Among the first location data brokers to come under public fire from the Federal Trade Commission for allegedly selling sensitive reproductive health data was Kochava, Inc., in a lawsuit the adtech company filed this week Kochava asked a federal court to intervene and stop the FTC from allegedly overtaxing it.
Kochava’s complaint revealed for the first time how the FTC could act to protect consumer data from being used to support abortion processes in post-Roe America. In it, Kochava detailed a planned FTC complaint against Kochava alleging that the company’s data collection practices allow third parties and bad actors to track sensitive location data of users. The FTC suggests cellphone users were not adequately informed that they were sharing this data with Kochava, making the practice unfair or misleading and allegedly in violation of the Federal Trade Commission Act.
In a statement to Ars, Kochava defended its data collection practices: “Kochava acts consistently and proactively in compliance with all rules and laws, including those related to privacy. Nonetheless, the FTC has threatened Kochava with a lawsuit and a proposed settlement, the merits of which are unfounded. This is a manipulative attempt by the FTC to make it appear that it protects consumer privacy despite being based on completely false claims.” When Kochava sued the FTC to block her lawsuit, her complaint noted that the FTC has up to 60 days until mid-October to respond to a subpoena.
advertisement
What did Kochava allegedly do?
According to its company website, Kochava is the “largest independent data marketplace for connected devices”. Based in Idaho, Kochava’s primary business is developing app developer tools to track, organize, and visualize marketing data, often buying and selling mobile data to its customers from third-party vendors as part of a side business called Kochava Collective.
The FTC claims that Kochava customers can “license premium data” which dangerously includes the “accurate location of a consumer’s mobile device” and “time-stamped latitude and longitude coordinates showing the location of mobile devices.” This, the FTC says, could allow bad actors, law enforcement, or anyone with access to track consumers who visit sensitive places like “therapists’ offices, addiction help centers, medical facilities, and women’s reproductive health clinics.”

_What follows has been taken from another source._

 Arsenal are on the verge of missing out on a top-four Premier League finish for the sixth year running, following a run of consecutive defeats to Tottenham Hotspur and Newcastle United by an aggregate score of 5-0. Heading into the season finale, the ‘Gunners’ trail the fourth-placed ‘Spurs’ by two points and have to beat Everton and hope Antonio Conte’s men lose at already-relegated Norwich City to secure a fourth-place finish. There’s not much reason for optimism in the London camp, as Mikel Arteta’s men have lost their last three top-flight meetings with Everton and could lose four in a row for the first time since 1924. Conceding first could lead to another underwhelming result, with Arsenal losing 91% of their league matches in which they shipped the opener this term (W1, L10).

The FTC has claimed that Kochava’s data collection methods “are an unfair or deceptive act or practice or interfere with commerce” because “they cause, or are likely to cause, significant harm to consumers that consumers themselves cannot reasonably avoid.” The FTC says also that the FTC law applies because there is no significant or universal benefit to consumers or the competitive marketplace from the collection of sensitive information.

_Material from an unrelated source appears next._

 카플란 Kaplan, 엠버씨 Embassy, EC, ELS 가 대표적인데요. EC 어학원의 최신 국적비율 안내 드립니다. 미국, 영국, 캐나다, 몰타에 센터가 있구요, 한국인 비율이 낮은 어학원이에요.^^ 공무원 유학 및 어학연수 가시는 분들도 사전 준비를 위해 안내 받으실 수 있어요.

Kochava says in his complaint that the FTC is wrong and doesn’t understand its technology, and claims that it already “uses technical controls to prohibit its customers from identifying consumers or tracking third-party users in sensitive locations.” The company says the lawsuit is a waste of time, largely because the FTC “is not yet required to issue a rule or statement of legal force and effect describing the specific practices of geolocation data that it believes has the authority to prohibit or.” to allow”. Without that specific rulemaking, the FTC makes it difficult for companies to comply with the law, Kochava suggests.
advertisement
Kochava also says that allowing the FTC to tie up the adtech company in a lengthy court case would cause Kochava “irreparable and significant harm.”
The FTC declined Ars’ request for comment.
Is the FTC exaggerating?
Kochava says in his complaint that the FTC sent its proposed complaint in July or August. Shortly thereafter, the company announced a new policy that would appear to address the FTC’s complaint by installing a so-called “privacy lock” that “removes healthcare provider location data from the Kochava Collective marketplace.” The feature is used regardless of whether users consent to data sharing and also allows anyone in the healthcare sector to block their location.

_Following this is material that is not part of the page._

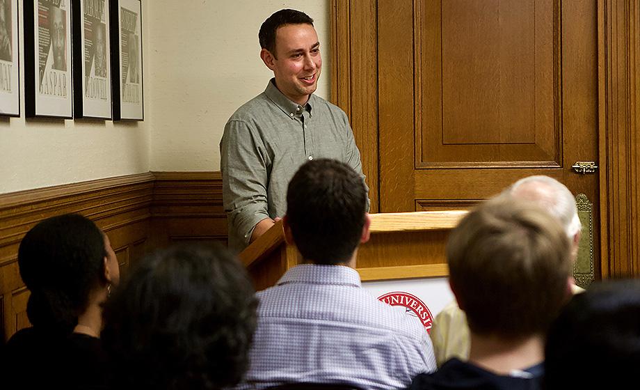 “What can you do with an English degree?” is a question that Clark University’s English Department encourages students to explore, especially by meeting with alumni who return to campus to talk about their careers. At a recent gathering in the department’s Anderson House, Scott Zimmerman ’99 relayed what happened when he paired a B.A. in English with his passion for sports, an interest he’s held since his teenage years in Brooklyn: He ended up overseeing multimillion-dollar global merchandising accounts and strategies for top brands like Nike, New Balance and Carhartt.

In a press release, Kochava Collective general manager Brian Cox suggested that Kochava is now ahead of US regulators in creating a much-needed “blacklist for health service sites” that puts user privacy first Restore authority by restoring the power to protect all staff and patients in the hands of the healthcare industry.
“We believe it’s important for the industry to be proactive and collaborate on a unified blacklist for healthcare service locations,” Cox wrote, noting that “there is no federal regulation or federal database cataloging these locations to protect privacy.” to protect consumers.”
A spokesman for Kochava declined to tell Ars whether the “privacy block” feature was prompted by the FTC’s proposed lawsuit or is already in the works.
However, because Kochava has changed its course of action, the complaint asks the federal court to agree that the FTC does not have the authority to “seek injunctive relief for past conduct that has ceased without evidence that it is likely to recur.” Kochava also asked the court to consider “fundamental disagreements” about the interpretation of the FTC statute, which largely form the basis of the FTC’s proposed complaint. Kochava alleges that the FTC’s proposed lawsuit would be an improper application of FTC law, which he says does not specify how its data collection practices are “unfair” or “deceptive.” Kochava also suggests that his due process rights were violated by a presidential hyperbole calling for the FTC to pursue such lawsuits without express legislation governing health data collection.